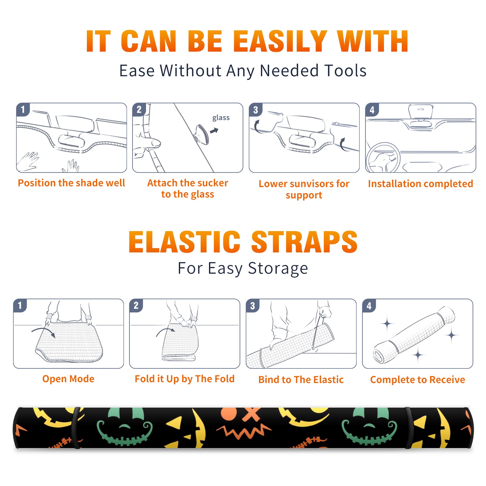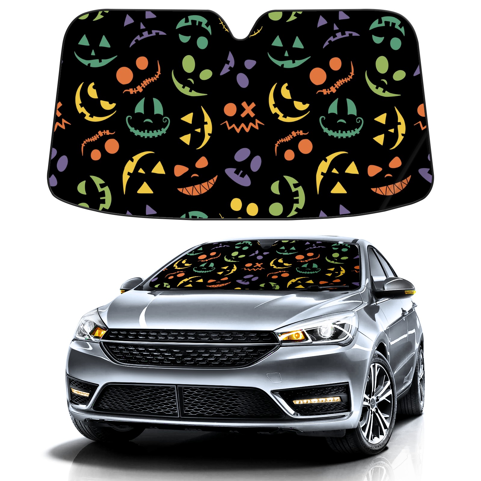 Car Windshield Sun Shade For Front Window Halloween Pumpkin Face On Black Background Foldable Vehicle Windshield Car Sun Visor Covers Automotive Window Protector Car Camping Privacy Sun Blocker
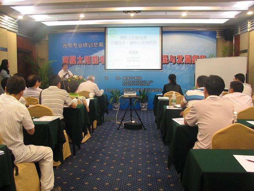 2011年6月1--2日,由深圳市平板顯示行業(yè)協(xié)會舉辦的“薄膜太陽能電池關鍵技術、制程與發(fā)展趨勢”培訓在深圳明華國際會議中心如期召開。共計30名來自各地光電企業(yè),還有部分光學企業(yè)的管理者、技術人員、市場人員參加了此次“薄膜太陽能電池關鍵技術、制程與發(fā)展趨勢”的專業(yè)知識培訓。深圳市平板顯示行業(yè)協(xié)會秘書長孫政民先生在開學儀式上致辭并講話。
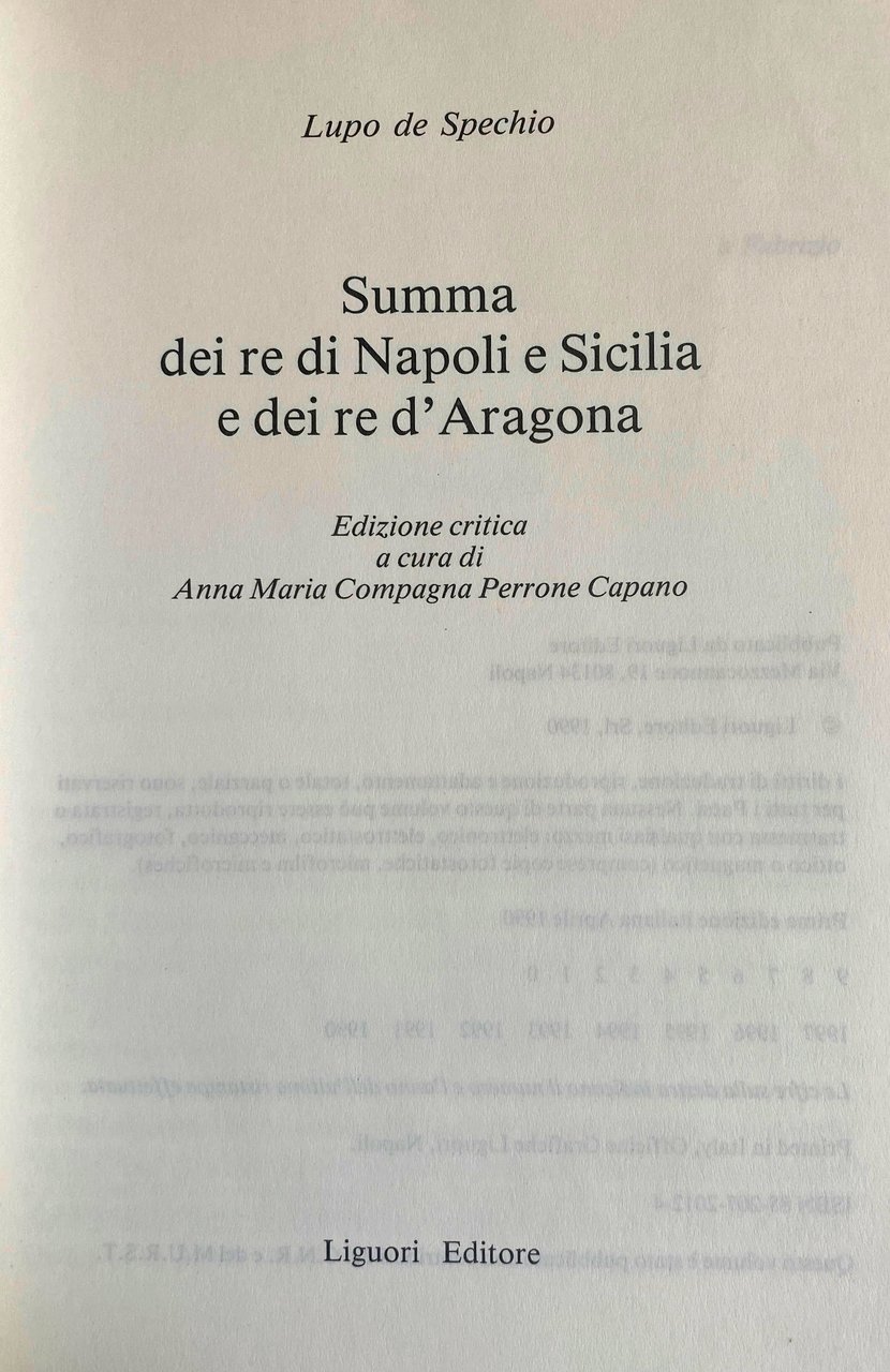 SUMMA DEI RE DI NAPOLI E SICILIA E DEI RE D'ARAGONA. A CURA DI ANNA MARIA PERRONE CAPANO COMPAGNA
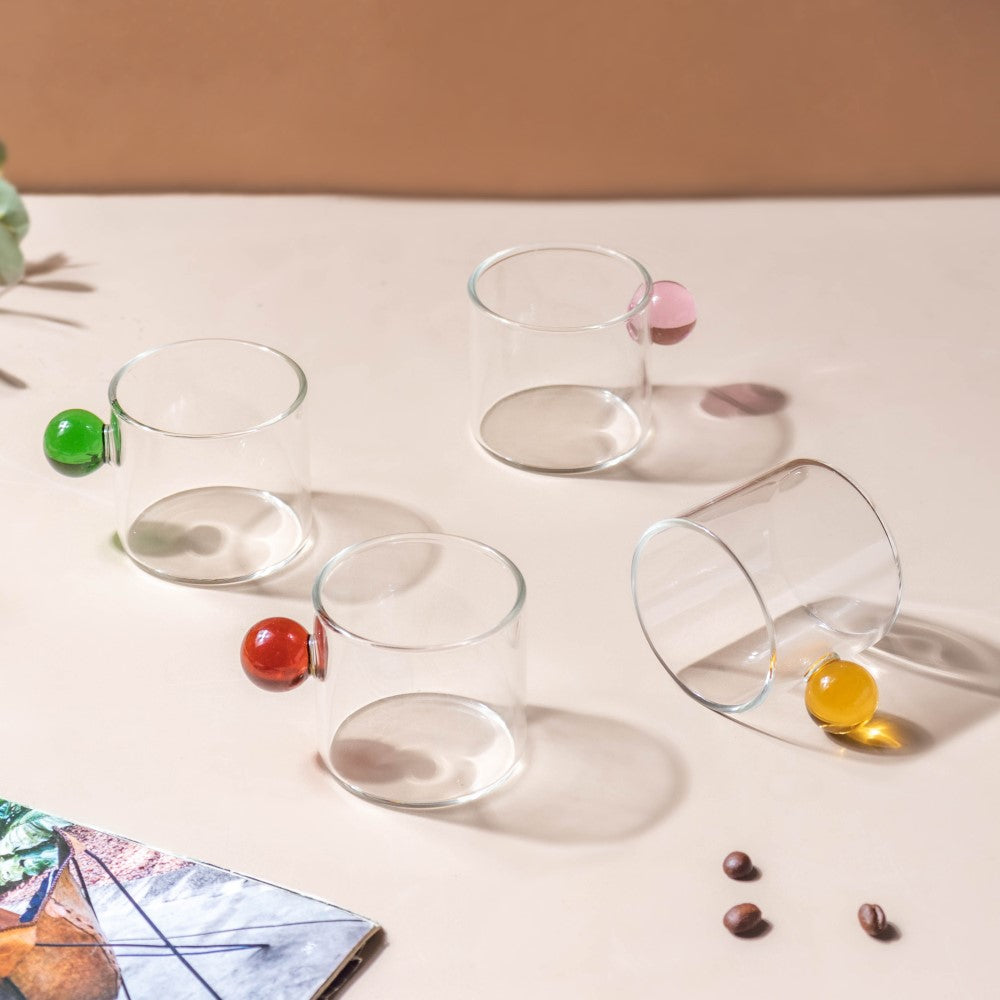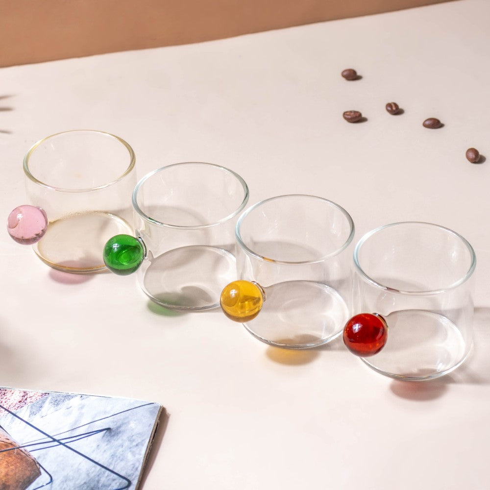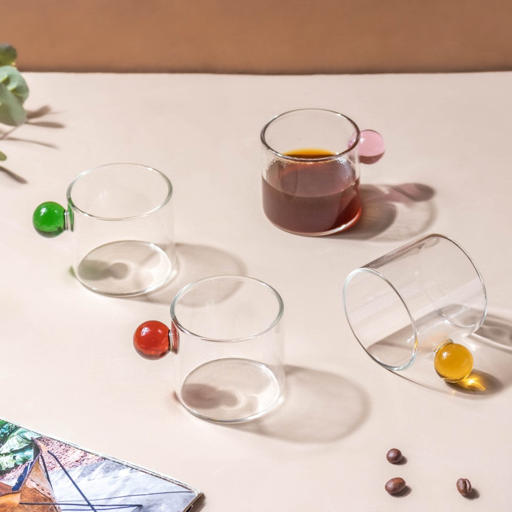 Sip in style and relish an expresso shot to kickstart a lazy morning in the mini transparent cup. The mini cup comes with a red ball handle to elevate its appeal. From expresso to aperitif, the round glass cup is a brilliant piece of crockery to savor any sort of beverage. Available in four variants, the glass cups are an excellent choice for an elegant kitchen counter.
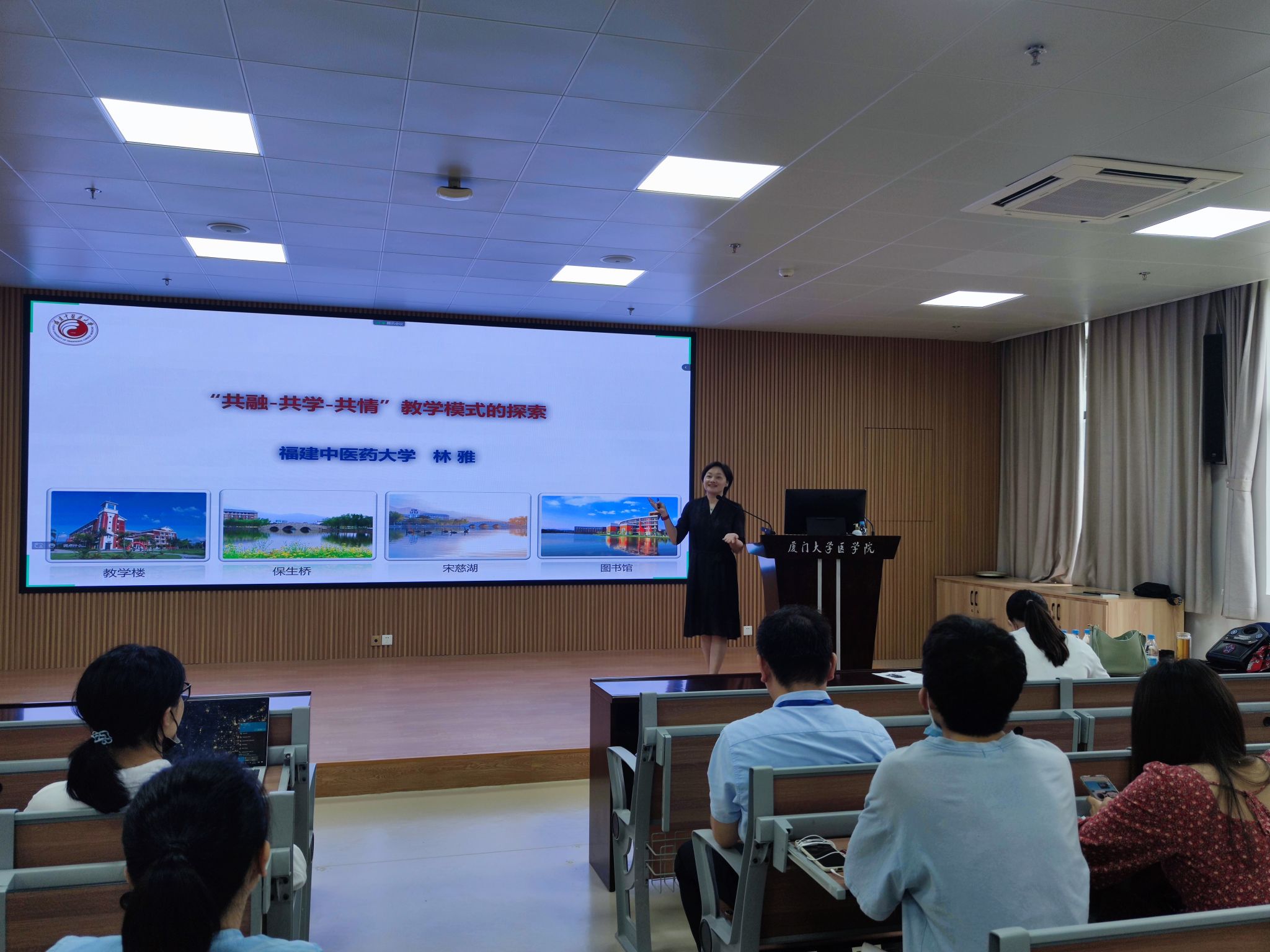 会上,学院特邀了福建中医药大学药学院林雅教授来我院开展“‘共融-共学-共情’药理学教学模式的探索与实践”专题讲座。林教授从新医科视角分享了自己所负责的国家级一流本科生课程《药理学》的教学设计与改革实践,引入学生中心、产出导向、持续改进的教学理念,让学生从入学开始就像医生一样思考问题。同时,还着重强调如何深入挖掘课程中的思政教育元素,科学设计课程思政教育体系。林雅教授在课程设计中提出“共融-共学-共情”的创新思路,即重塑教学内容让知识更新融合、设计教学案例让思想碰撞教学相长、突显价值导向让课堂教学有温度有真情。
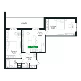 Напрямую продаётся 2 комнатная квартира 307 на 8 этаже (из 8) общей площадью 74,55 м2 в III очереди в жилом комплексе Сертолово Парк от застройщика ГК Алгоритм.
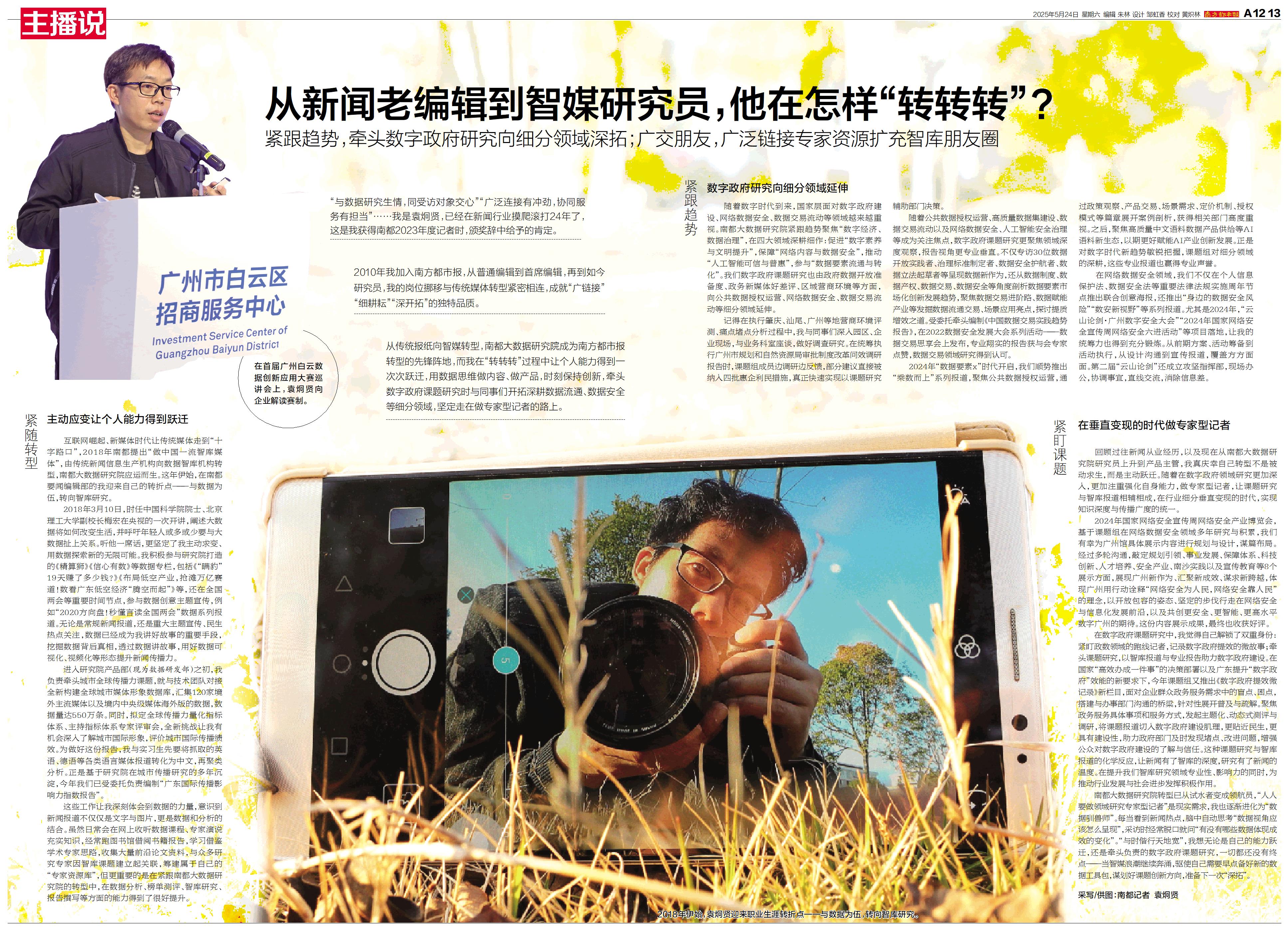从传统报纸向智媒转型,南都大数据研究院成为南方都市报转型的先锋阵地,而我在“转转转”过程中让个人能力得到一次次跃迁,用数据思维做内容、做产品,时刻保持创新,牵头数字政府课题研究时与同事们开拓深耕数据流通、数据安全等细分领域,坚定走在做专家型记者的路上。
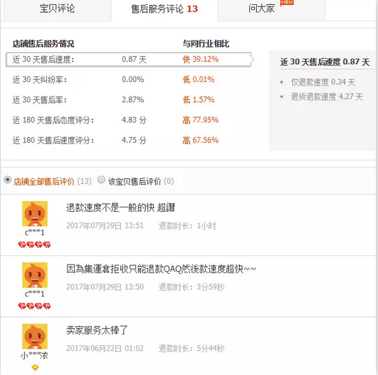 “售后评价”是针对买家对卖家“退款速度”及“退款态度”进行相应评价,这也致使卖家在处理退款上不敢有丝毫马虎。
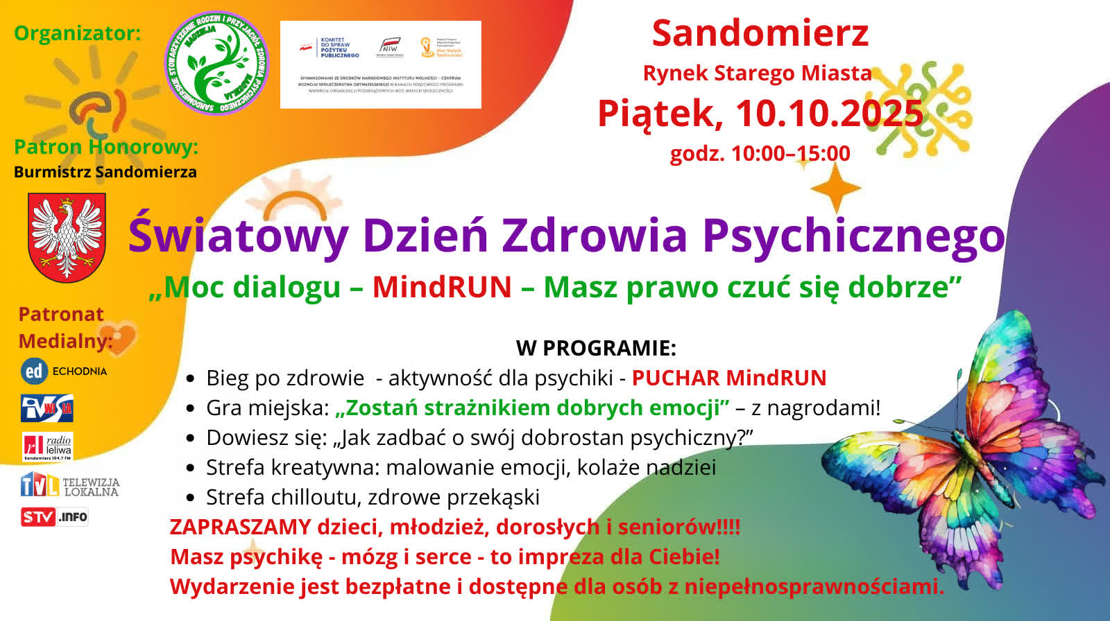 Na rynku Starego Miasta w Sandomierzu dziś obchody Światowego Dnia Zdrowia Psychicznego. Przyświeca mu hasło „Moc dialogu – MindRUN – Masz prawo czuć się dobrze”.
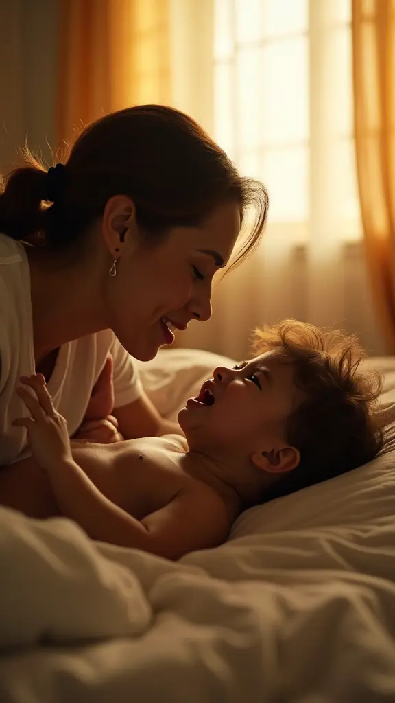 A mother comforting her crying child on a bed, soft golden window light behind them, warm shadows, emotional intimacy, realistic details, love and care in her eyes, cinematic color grading, 9:16 portrait
§
**PROBLEM STATEMENT:**
Your reply should restate every entry exactly, with the pictures left out.

**FINISHED TASK:**
 Car Windshield Sun Shade For Front Window Halloween Pumpkin Face On Black Background Foldable Vehicle Windshield Car Sun Visor Covers Automotive Window Protector Car Camping Privacy Sun Blocker
 2011年6月1--2日,由深圳市平板顯示行業(yè)協(xié)會舉辦的“薄膜太陽能電池關鍵技術、制程與發(fā)展趨勢”培訓在深圳明華國際會議中心如期召開。共計30名來自各地光電企業(yè),還有部分光學企業(yè)的管理者、技術人員、市場人員參加了此次“薄膜太陽能電池關鍵技術、制程與發(fā)展趨勢”的專業(yè)知識培訓。深圳市平板顯示行業(yè)協(xié)會秘書長孫政民先生在開學儀式上致辭并講話。
 SUMMA DEI RE DI NAPOLI E SICILIA E DEI RE D'ARAGONA. A CURA DI ANNA MARIA PERRONE CAPANO COMPAGNA
 Sip in style and relish an expresso shot to kickstart a lazy morning in the mini transparent cup. The mini cup comes with a red ball handle to elevate its appeal. From expresso to aperitif, the round glass cup is a brilliant piece of crockery to savor any sort of beverage. Available in four variants, the glass cups are an excellent choice for an elegant kitchen counter.
 会上,学院特邀了福建中医药大学药学院林雅教授来我院开展“‘共融-共学-共情’药理学教学模式的探索与实践”专题讲座。林教授从新医科视角分享了自己所负责的国家级一流本科生课程《药理学》的教学设计与改革实践,引入学生中心、产出导向、持续改进的教学理念,让学生从入学开始就像医生一样思考问题。同时,还着重强调如何深入挖掘课程中的思政教育元素,科学设计课程思政教育体系。林雅教授在课程设计中提出“共融-共学-共情”的创新思路,即重塑教学内容让知识更新融合、设计教学案例让思想碰撞教学相长、突显价值导向让课堂教学有温度有真情。
 Напрямую продаётся 2 комнатная квартира 307 на 8 этаже (из 8) общей площадью 74,55 м2 в III очереди в жилом комплексе Сертолово Парк от застройщика ГК Алгоритм.
从传统报纸向智媒转型,南都大数据研究院成为南方都市报转型的先锋阵地,而我在“转转转”过程中让个人能力得到一次次跃迁,用数据思维做内容、做产品,时刻保持创新,牵头数字政府课题研究时与同事们开拓深耕数据流通、数据安全等细分领域,坚定走在做专家型记者的路上。
 “售后评价”是针对买家对卖家“退款速度”及“退款态度”进行相应评价,这也致使卖家在处理退款上不敢有丝毫马虎。
 Na rynku Starego Miasta w Sandomierzu dziś obchody Światowego Dnia Zdrowia Psychicznego. Przyświeca mu hasło „Moc dialogu – MindRUN – Masz prawo czuć się dobrze”.
 A mother comforting her crying child on a bed, soft golden window light behind them, warm shadows, emotional intimacy, realistic details, love and care in her eyes, cinematic color grading, 9:16 portrait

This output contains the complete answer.